Somewhere in between, to the local arts centre for a lunchtime viewing of Persepolis, Marjane Satrapi's autobiographical animated film about a young girl with a taste for the music of Iron Maiden, growing up in Teheran from the 1970s to the 1990s. Witty, harrowing, tragic and at times downright comical, with a political edge. I learned a surprising amount that I didn't know previously about the history of Iran and the rise of fundamentalism. One quibble: ten minutes could perhaps have been cut somewhere towards the end; the last half hour was a little too long for me.

French with English subtitles but there's a dubbed English language version out there as well. Definitely recommended.

Friday, April 18, 2008

Intimacy

Happy Feet

I catch The Band's Visit and find that I am in agreement with most reviewers: the film is a delight without being cloying. Members of an Egyptian police band find themselves stranded overnight in a dead-or-alive Israeli desert town.
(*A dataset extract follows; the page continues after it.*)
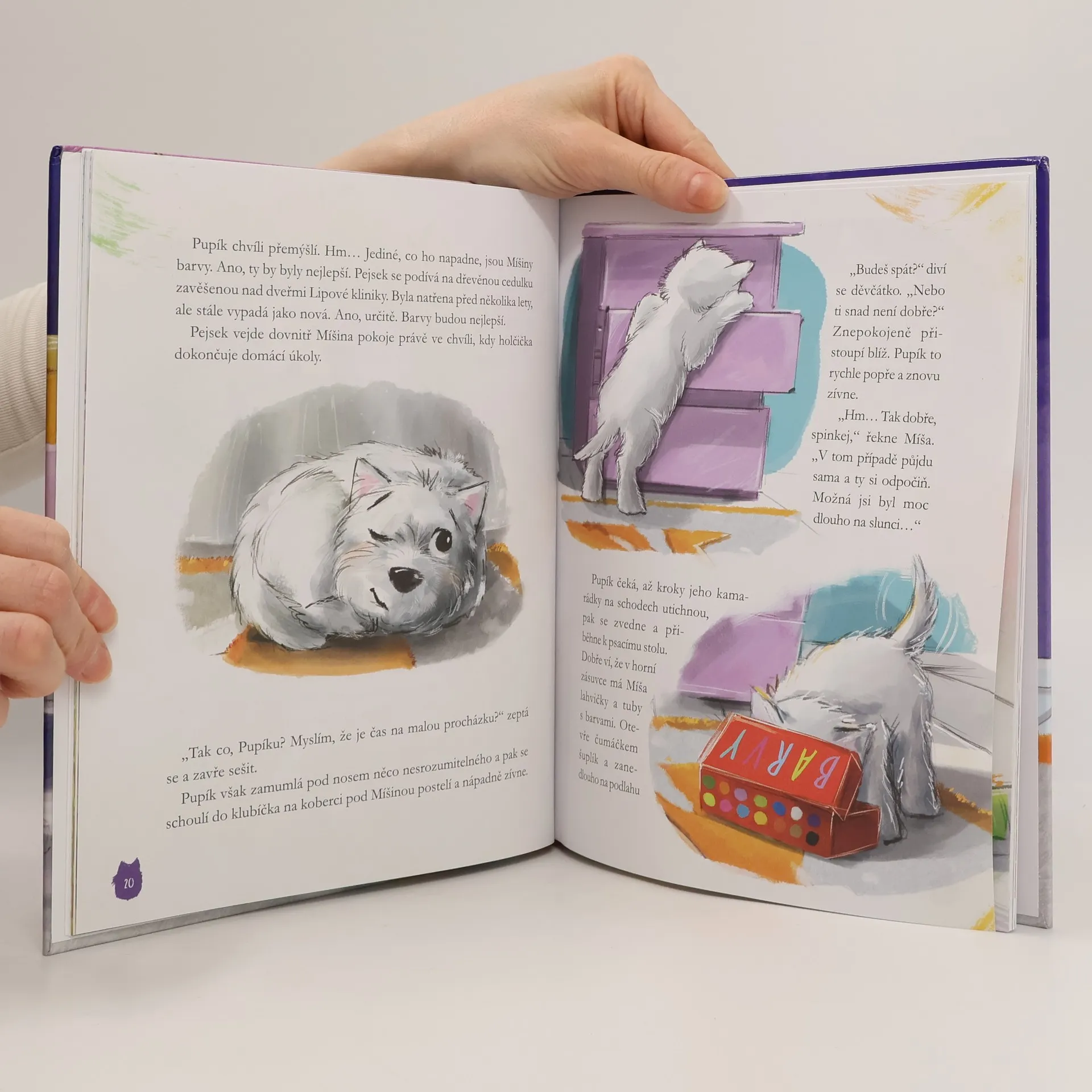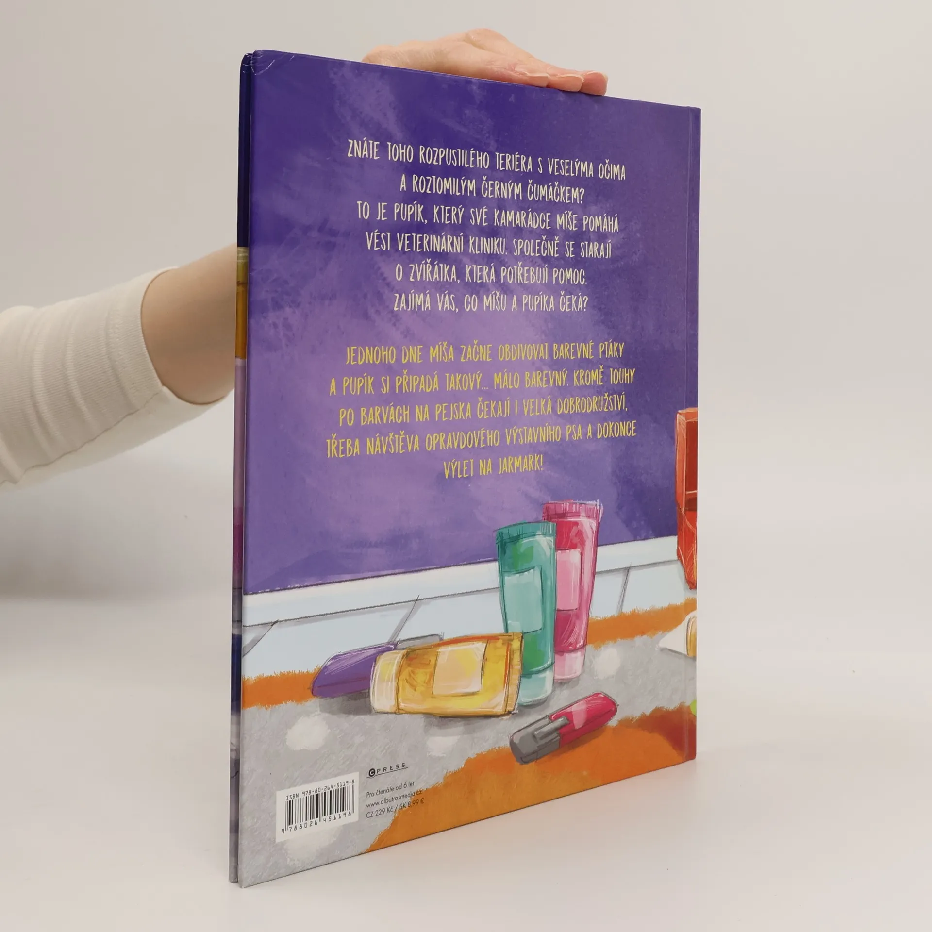 Znáte toho rozpustilého teriéra s veselýma očima a roztomilým černým čumáčkem? To je Pupík, který své kamarádce Míše pomáhá vést veterinární kliniku. Společně se starají o zvířátka, která potřebují pomoc. Zajímá vás, co Míšu a Pupíka čeká? Jednoho dne Míša začne obdivovat barevné ptáky a Pupík si připadá takový málo barevný. Kromě touhy po barvách na pejska čekají i velká dobrodružství, třeba návštěva opravdového výstavního psa a dokonce výlet na jarmark!
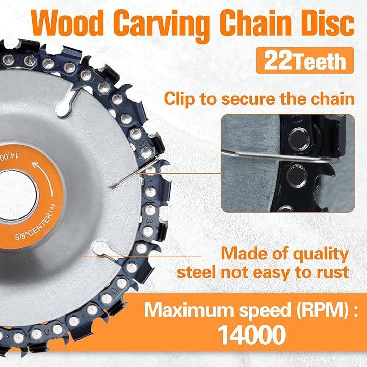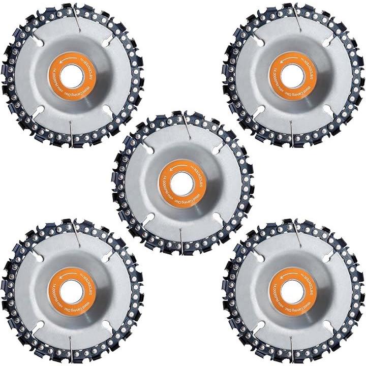 木彫チェーンディスク チェーンソー用ディスク砥石 丸型チェーンソー用ホイール チェンソー用ディスク研削ホイール ディスクグラインダー 刃 木材 切断 5本セット 直径100mm 穴径16mm 22歯切り 枝切り

The band members and the locals, who offer them awkward and somewhat reluctant hospitality, form bonds of intimacy in inauspicious circumstances.

Politics aren't mentioned. Instead, we have halting conversations between guests and hosts about love, about the importance of music, about the pain of loss. Because they know they will never see each other again, confidences are shared. And the unspoken contrast is always there, between lively, open, cosmopolitan Alexandria, where the band hail from and which we never see, and the sterile Israeli settlement. There's much humour alongside the poignancy, including a positively Chaplinesque scene at the local roller skating rink. .

I spot a friend in the cinema audience. We meet up afterwards and compare notes. This happens in a small town (or even a not-so-small town), you meet people you know. Those of us who have alternative tendencies, who are interested in the environment and world cinema, and walking and yoga, tend to hang out in the same places.

We run into each other unexpectedly. Then we talk. I'm really not used to this.